# DIRECTIONS FOR THIS TASK
Write out the listing from the line with "Pada Mei lalu, sekumpulan" to the line with "Zkusila jsem reinstall", both lines included, exactly and nothing beyond. Leave pictures out.

# INPUT DATA
* * * * * * * * *

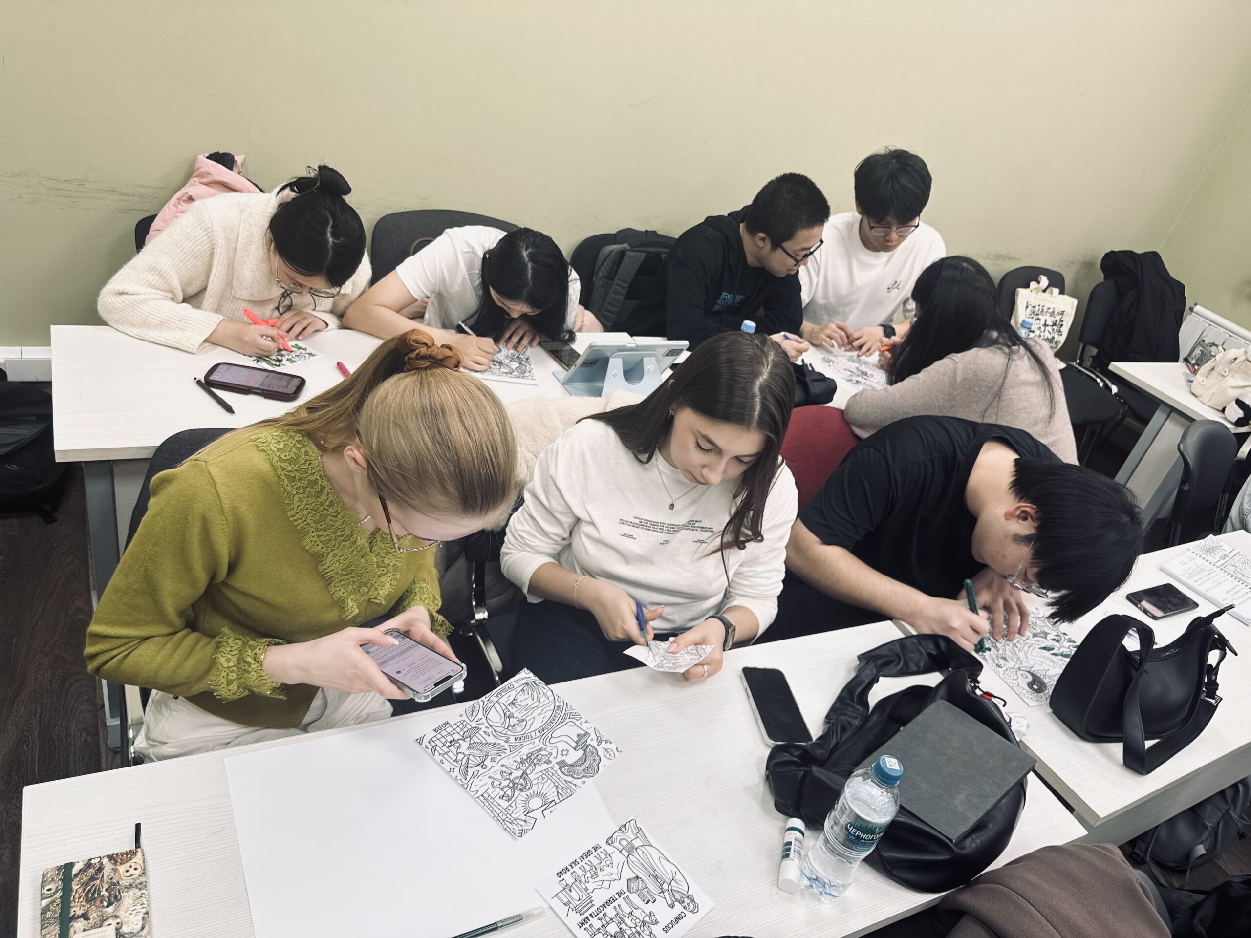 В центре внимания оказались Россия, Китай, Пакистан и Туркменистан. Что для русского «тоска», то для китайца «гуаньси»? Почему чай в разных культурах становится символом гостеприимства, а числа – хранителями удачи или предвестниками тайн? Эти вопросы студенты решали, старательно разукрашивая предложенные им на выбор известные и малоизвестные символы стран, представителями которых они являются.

* * * * * * * * *

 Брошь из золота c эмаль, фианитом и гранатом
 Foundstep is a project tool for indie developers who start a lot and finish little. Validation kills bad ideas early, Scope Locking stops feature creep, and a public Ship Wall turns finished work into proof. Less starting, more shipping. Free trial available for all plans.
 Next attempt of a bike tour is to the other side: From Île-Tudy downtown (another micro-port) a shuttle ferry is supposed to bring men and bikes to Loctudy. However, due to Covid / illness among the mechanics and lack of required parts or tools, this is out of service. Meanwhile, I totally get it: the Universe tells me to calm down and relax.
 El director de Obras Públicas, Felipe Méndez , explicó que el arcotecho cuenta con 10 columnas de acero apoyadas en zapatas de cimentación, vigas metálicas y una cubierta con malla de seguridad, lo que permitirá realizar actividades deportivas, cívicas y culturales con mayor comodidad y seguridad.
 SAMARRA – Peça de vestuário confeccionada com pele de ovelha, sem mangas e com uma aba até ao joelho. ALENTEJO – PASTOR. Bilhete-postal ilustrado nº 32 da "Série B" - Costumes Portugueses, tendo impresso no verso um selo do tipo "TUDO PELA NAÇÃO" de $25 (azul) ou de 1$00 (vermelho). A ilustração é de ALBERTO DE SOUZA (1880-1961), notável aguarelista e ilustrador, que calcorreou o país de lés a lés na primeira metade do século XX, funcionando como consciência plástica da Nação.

* * * * * * * * *

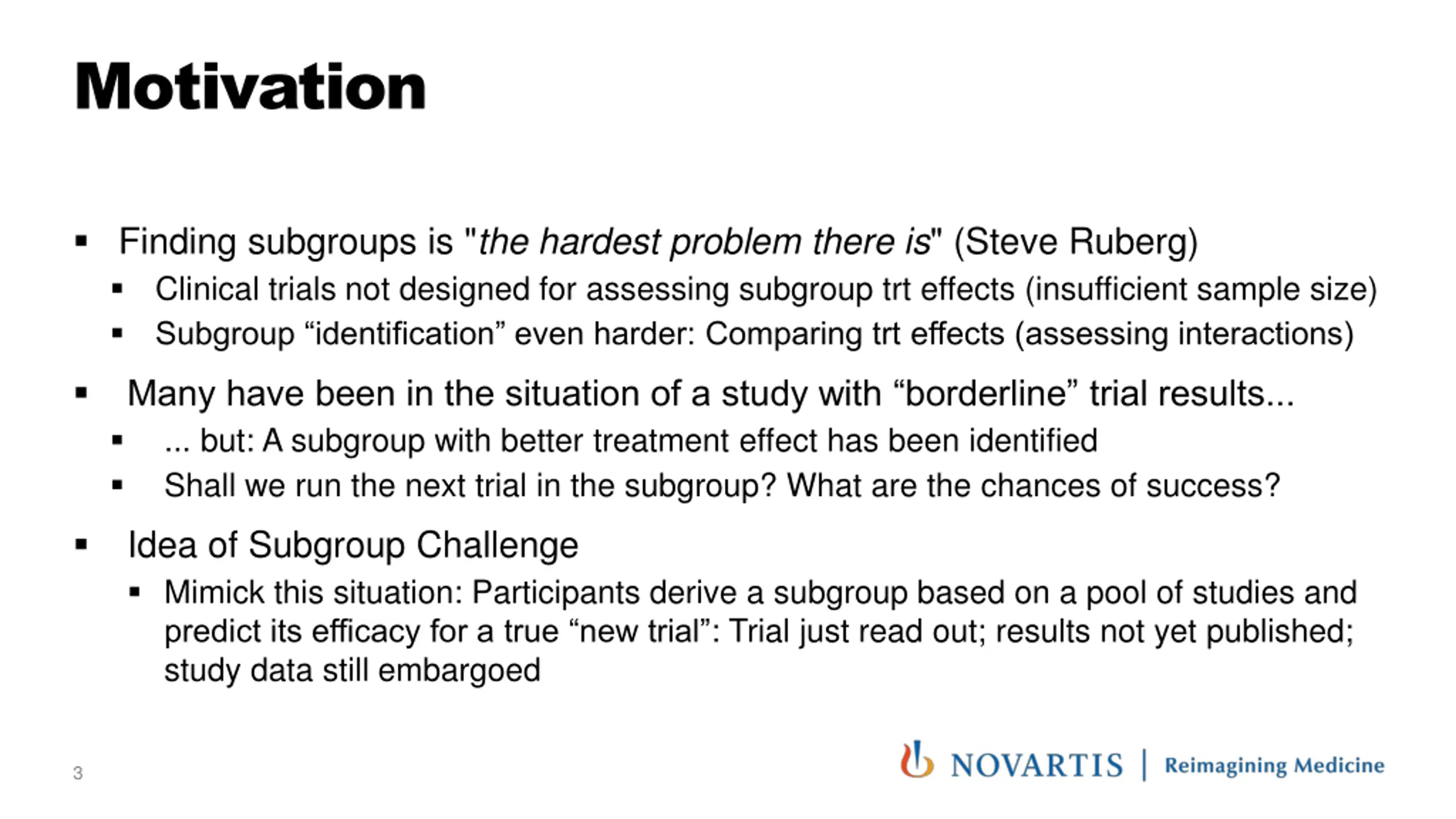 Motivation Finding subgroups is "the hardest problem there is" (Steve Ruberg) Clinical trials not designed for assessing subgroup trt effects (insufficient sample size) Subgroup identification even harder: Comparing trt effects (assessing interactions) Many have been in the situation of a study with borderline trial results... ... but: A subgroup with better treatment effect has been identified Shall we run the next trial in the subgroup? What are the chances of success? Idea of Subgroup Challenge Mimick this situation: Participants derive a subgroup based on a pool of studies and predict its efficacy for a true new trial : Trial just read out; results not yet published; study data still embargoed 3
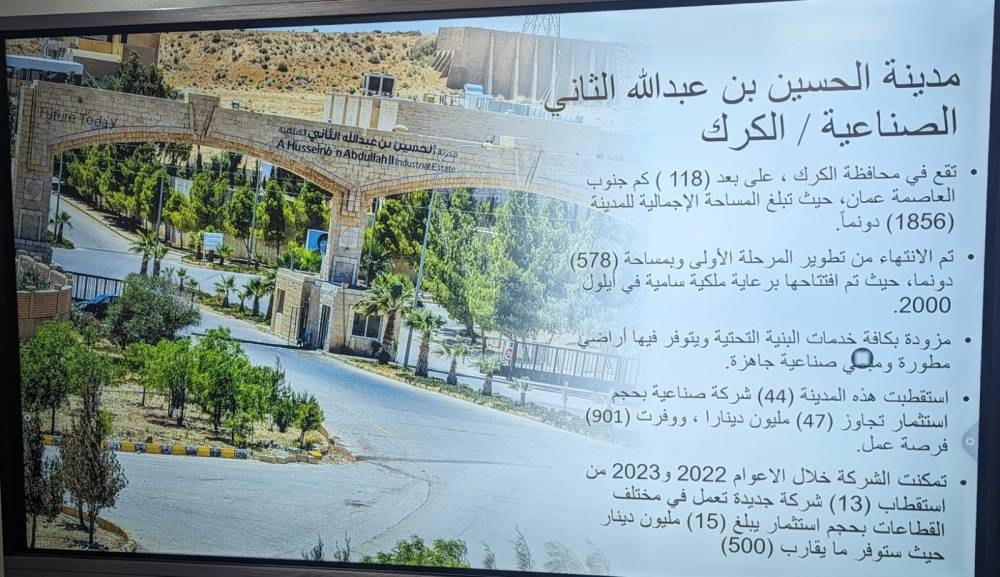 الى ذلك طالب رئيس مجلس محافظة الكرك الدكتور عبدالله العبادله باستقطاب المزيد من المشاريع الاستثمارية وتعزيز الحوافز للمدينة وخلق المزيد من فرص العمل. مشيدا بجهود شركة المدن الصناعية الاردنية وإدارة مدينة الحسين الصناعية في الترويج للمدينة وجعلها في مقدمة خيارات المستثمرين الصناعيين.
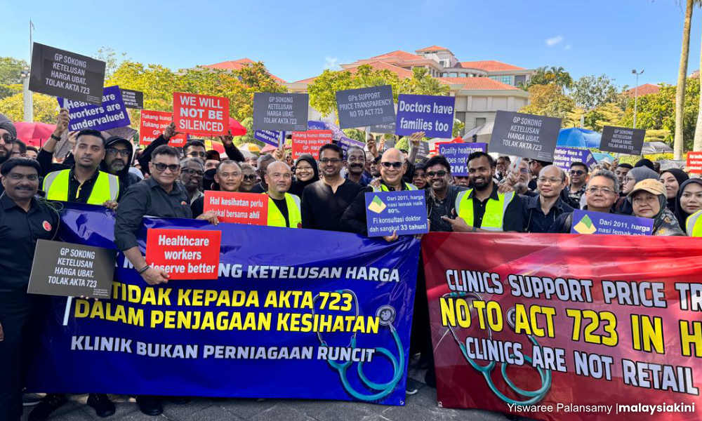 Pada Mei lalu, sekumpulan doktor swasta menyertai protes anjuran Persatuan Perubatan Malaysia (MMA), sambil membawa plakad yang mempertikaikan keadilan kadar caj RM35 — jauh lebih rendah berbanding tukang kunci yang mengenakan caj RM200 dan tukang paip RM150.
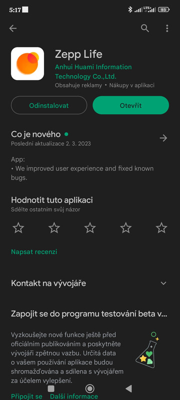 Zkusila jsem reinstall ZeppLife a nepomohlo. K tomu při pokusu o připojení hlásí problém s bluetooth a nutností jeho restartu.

* * * * * * * * *

# EXERCISE RESULT
 Pada Mei lalu, sekumpulan doktor swasta menyertai protes anjuran Persatuan Perubatan Malaysia (MMA), sambil membawa plakad yang mempertikaikan keadilan kadar caj RM35 — jauh lebih rendah berbanding tukang kunci yang mengenakan caj RM200 dan tukang paip RM150.
 Zkusila jsem reinstall ZeppLife a nepomohlo. K tomu při pokusu o připojení hlásí problém s bluetooth a nutností jeho restartu.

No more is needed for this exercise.